Sur la côte pacifique de l'Équateur, les pêcheurs sont de plus en plus impliqués dans le trafic international de cocaïne. Des organisations criminelles tentent de recruter des pêcheurs pour transporter la drogue, tandis que, parallèlement, des opérations militaires de plus en plus brutales sont menées en mer contre les embarcations suspectes.
Une enquête menée par Reuters révèle comment les communautés de pêcheurs, notamment dans la province de Manabí, subissent des pressions.
Jusqu'à 40 000 dollars pour une cargaison de drogue
Des organisations criminelles comme Los Choneros et Los Lobos utilisent les connaissances et les bateaux des pêcheurs locaux pour transporter la cocaïne par voie maritime.
Certains pêcheurs pourraient gagner jusqu'à 40 000 dollars par voyage de contrebande.

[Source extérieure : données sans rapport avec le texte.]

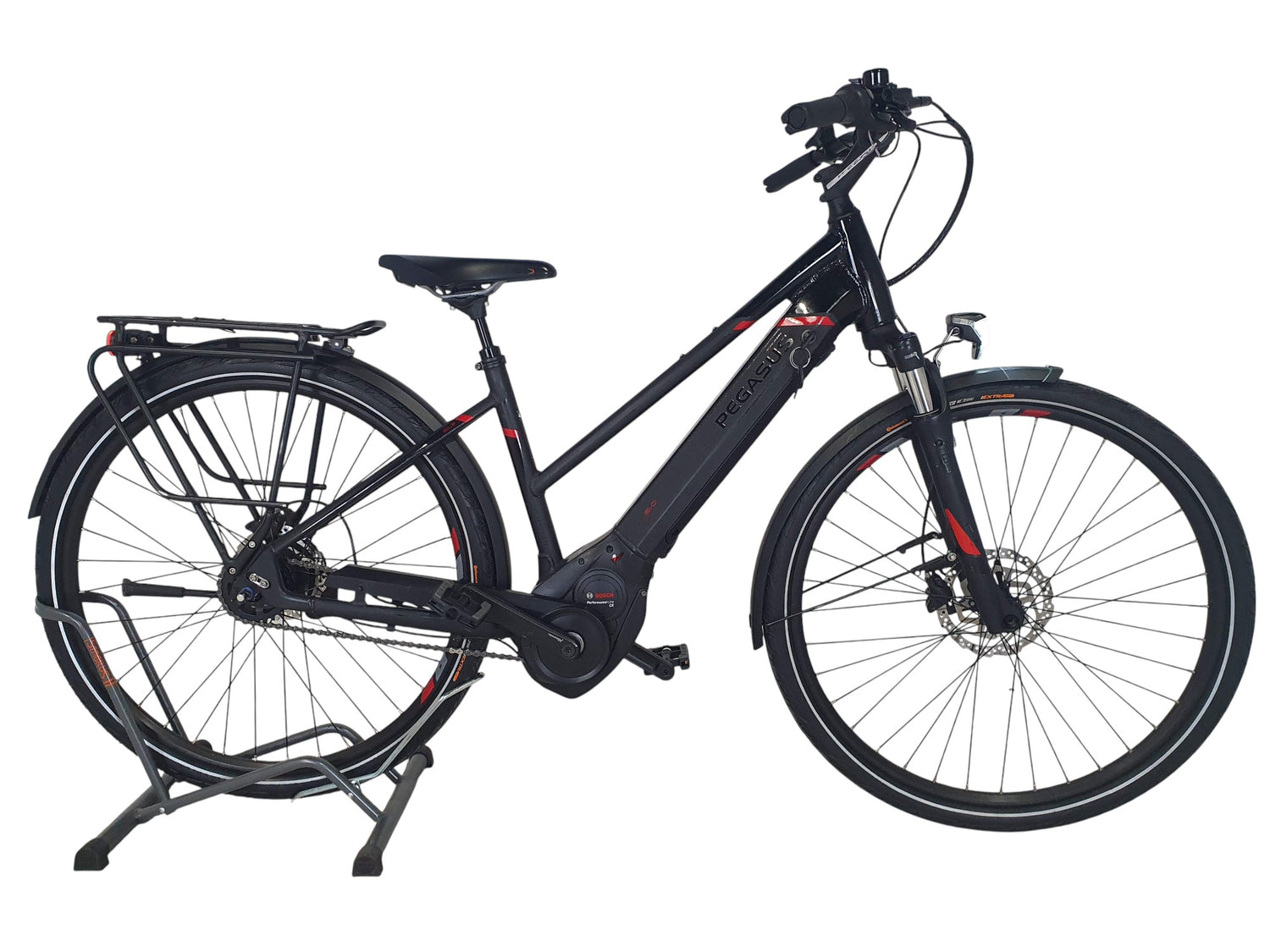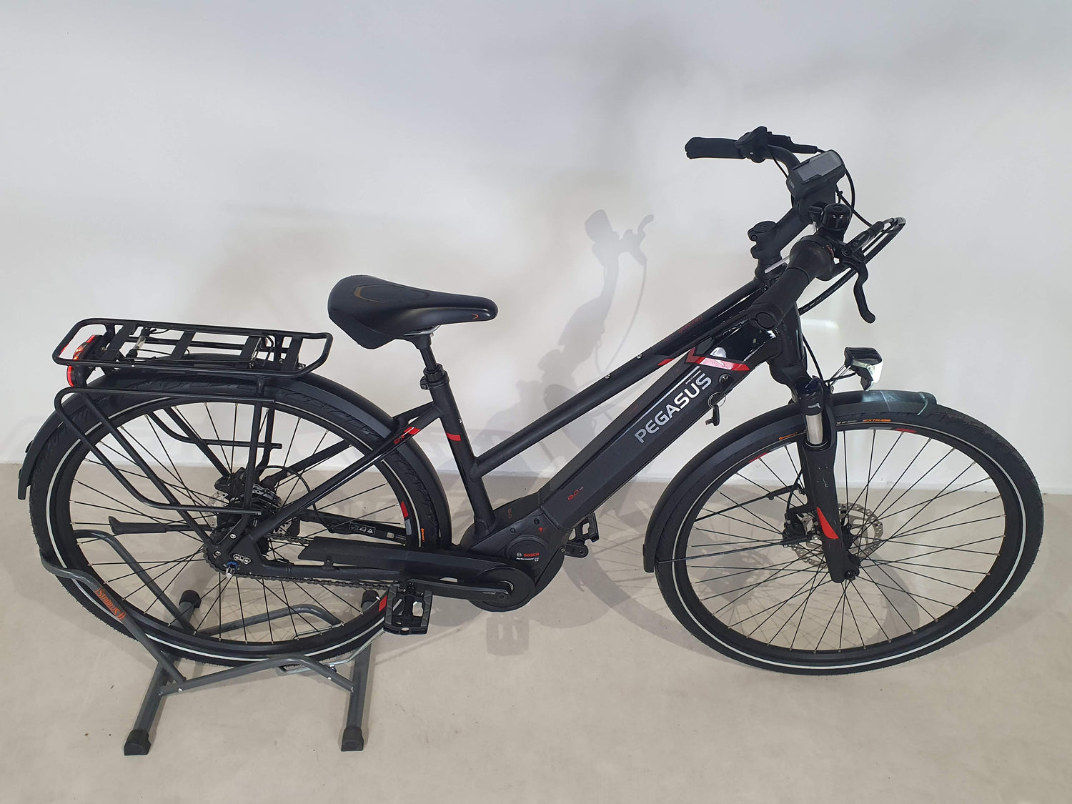 Le vélo est livré prêt à rouler, à l'exception des pédales à revisser et du guidon à tourner. Il contient le chargeur et les clés de la batterie, ainsi que tous les accessoires visibles sur les photos.

Mais refuser n'est pas toujours facile. Les habitants font état de menaces, d'extorsion et de violences de la part de groupes criminels. Des témoignages locaux confirment également que les pêcheurs des zones côtières subissent des pressions pour travailler pour des organisations de trafiquants de drogue.
Le danger rôde aussi en mer
Dans le même temps, la lutte contre le trafic de drogue dans le Pacifique oriental s'est militarisée. Les rescapés de deux bateaux de pêche équatoriens ont déclaré que leurs embarcations avaient été touchées par des drones armés en mars 2026.
Human Rights Watch a documenté les attaques contre les La Negra Francisca Duarte II en Don MacaLes survivants ont déclaré par la suite avoir été retenus en otages par des individus armés portant des drapeaux américains sur leurs uniformes. Au moins quatre personnes à bord ont été grièvement blessées.
Selon Reuters, des experts en sécurité estiment que ces incidents s'inscrivent dans le cadre des opérations antidrogue menées par les États-Unis dans la région. Toutefois, les États-Unis n'ont pas revendiqué publiquement ces attaques.
Les pêcheurs changent de vie
Cette situation a des conséquences majeures pour les communautés côtières. Certains pêcheurs prennent la mer moins souvent, choisissent des itinéraires alternatifs ou partent à des heures différentes pour éviter à la fois les organisations criminelles et les opérations militaires.
Conclusion
Le trafic de cocaïne en Équateur ne touche pas seulement les cartels et les forces de l'ordre. Les pêcheurs ordinaires se retrouvent de plus en plus pris en étau. Pour eux, une simple sortie de pêche peut désormais signifier craindre à la fois les cartels de la drogue à terre et les opérations armées en mer.